Elle se leva sans dire un mot et alla s’asseoir trois bancs plus loin, le nez levé et la bouche tordue vers le bas. Super ! Bravo, Alex ! T’as encore gagné le gros lot ! Il jeta un œil en direction de la jeune fille et imagina se lever pour aller s’excuser encore une fois, mais se ravisa, persuadé qu’il s’enfoncerait plus qu’autre chose.
À présent, la place était bien animée. Quelques couples s’enlaçaient tendrement, assis sur les marches de béton, et il pensa immédiatement à Noémie et Arius. Il balaya du regard les passants, attendit encore une bonne demi-heure et les vit enfin arriver en provenance du haut de la ville. Les deux tourtereaux ne semblaient pas vraiment se soucier du fait qu’il leur manquait un élément (pourtant essentiel). Lorsqu’Arius le vit, il leva le bras en l’appelant si fort que tous se retournèrent. Alex se sentit rougir. Il n’aimait pas être au centre de l’attention. En plus, la Lisa s’était retournée aussi ! Super de chez super !

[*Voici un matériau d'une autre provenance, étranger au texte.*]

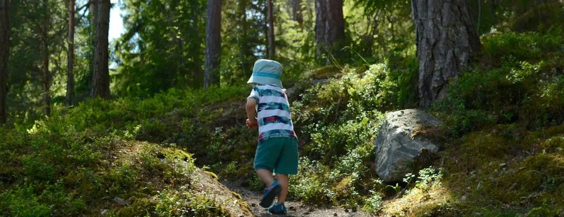 Mäntyjen muhkeat punaruskeat rungot ja metsänpohjan heleänvihreät mustikkamättäät kaappasivat meidät saman tien retkitunnelmiin. Yksi singahti leveää polkua keppihevosellaan, toinen ryhtyi keräämään käpyjä hattuunsa, kolmas katseli hetken metsämaisemaa korkeuksista porukan pisimmän olkapäillä istuen, neljäs oli jo nukahtanut kantoliinaan.

— T’étais passé où, man ? lança Arius en lui donnant une claque amicale dans le dos. On t’a cherché partout !
Que dire ? Qu’il ne voulait pas jouer les chaperons ? Qu’il avait l’impression de ne pas avoir le temps de regarder ce qu’il voulait ? Qu’il se sentait de trop ? Il fit le plein d’air dans ses poumons pour répliquer un truc bien cinglant, mais au dernier moment, il se ravisa.
— Je vous avais perdu de vue alors je me suis dit que j’allais simplement vous attendre ici.
— Faut suivre, man ! Faut suivre ! Noémie m’a montré des tas de trucs là-bas. Y’a des labos et tout ! On va s’marrer, moi j’te l’dis !
— Bon, on continue ? lança Noémie. Ensemble cette fois-ci ! On en profitera pour aller manger un bout ! Ça vous tente ?
Les deux garçons acquiescèrent et le petit groupe repartit en direction de la gare. Alex se retourna une dernière fois vers les bancs, mais Lisa ne s’y trouvait plus. Il la vit partir en courant, les bras toujours bien serrés contre son tas de papiers, et se dit que franchement, sur ce coup-là, il avait bien merdé.